You can look at recruiting rankings, transfer classes, returning production, coaching stability, national perception, or even the vibes coming out of the athletic department as a whole.
What’s striking about Ole Miss right now is that every one of those indicators is pointing in the same direction.
Up.
ESPN made that pretty clear Tuesday morning when it released its future power rankings and slotted Ole Miss at No. 12. That put the Rebels ahead of schools like Oklahoma, USC, Michigan, Tennessee and Florida.
That’s not a courtesy ranking. That’s not a nod to last year’s playoff run. That’s a national outlet saying the Rebels are built to stay in the conversation for years, not months.
And honestly, it tracks.
Start with recruiting and, you need only see the news earlier today for great examples.
Ole Miss is in the thick of it with five-star running back David Gabriel Georges, who visits Oxford this weekend after stops at Ohio State and Tennessee. That’s the kind of recruitment Ole Miss used to watch from a distance. Now the Rebels are in the ring, throwing punches with the biggest brands in the sport.
Then there’s Alvin Mosley, the four-star wideout who left his official visit talking like someone who sees a real future in Oxford.
Add in the flips (Tra’Von Hal and Darrell Mattison), the momentum, and a 2027 class that already sits inside the top 20 across the major services, and you start to see why the long term outlook looks so strong.
The transfer portal hasn’t hurt either.
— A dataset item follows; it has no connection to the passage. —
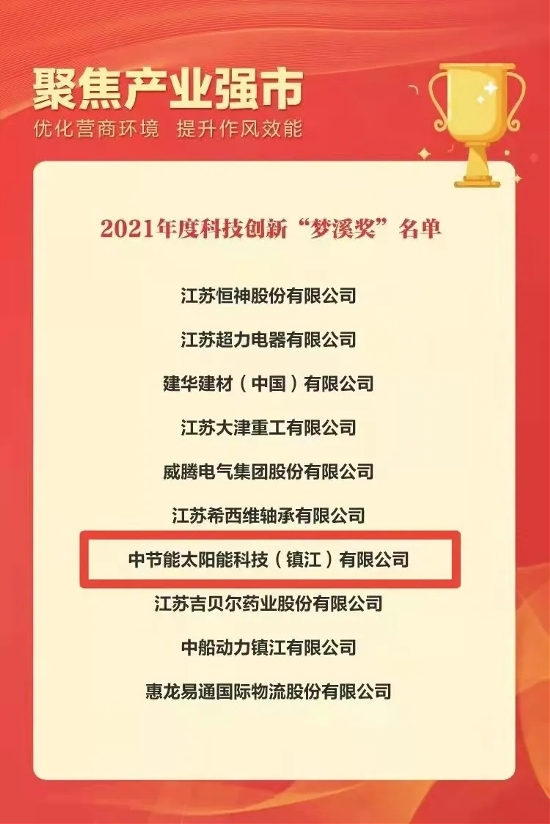 ? 2月8日,鎮(zhèn)江市委、市政府召開鎮(zhèn)江市產(chǎn)業(yè)強(qiáng)市暨優(yōu)化營(yíng)商環(huán)境大會(huì),并表彰2021年度制造業(yè)“金山獎(jiǎng)”,科技創(chuàng)新“夢(mèng)溪獎(jiǎng)”,優(yōu)化營(yíng)商環(huán)境“甘露獎(jiǎng)”等11個(gè)獎(jiǎng)項(xiàng)。鎮(zhèn)江公司從眾多國(guó)家高新技術(shù)企業(yè)中脫穎而出,被授予科技創(chuàng)新“夢(mèng)溪獎(jiǎng)”這一殊榮。

Pete Golding rebuilt the roster with one of the highest ranked portal classes in the country, and they did it without sacrificing continuity. That’s how you end up with a roster that returns Kewan Lacy, Trinidad Chambliss, Suntarine Perkins, Will Echoles and a long list of others who have already proven they can win at a high level.
That’s also how you end up being talked about as a legitimate national title contender this fall. Not a dark horse. Not a fun story. A real contender.
And the off field momentum matters too.
Lacy becoming the first Ole Miss athlete to land on the cover of a EA Sports College Football video game is more than a cool moment. It’s a branding milestone.
Every kid who picks up the game will see an Ole Miss player staring back at them. That’s the kind of exposure you can’t buy.
Former coach Lane Kiffin hasn’t exactly been shy about keeping Ole Miss in the spotlight either. Every interview, every podcast, every national appearance seems to include a reminder that the Rebels are living rent free in his head, showing they’re relevant and they’re not going anywhere. Other coaches have said a few things, too.
And if you want to zoom out even further, look at the athletic department as a whole. Baseball is back in Omaha. Softball has been competitive. Basketball is trending upward. The entire place feels like it’s moving in the same direction, and football is the engine pulling the train.
Put all of that together and you get a future so bright you might need those special eclipse glasses just to look at it.
Ole Miss isn’t hoping to matter anymore. Ole Miss does matter. And the next few years might be the clearest proof yet.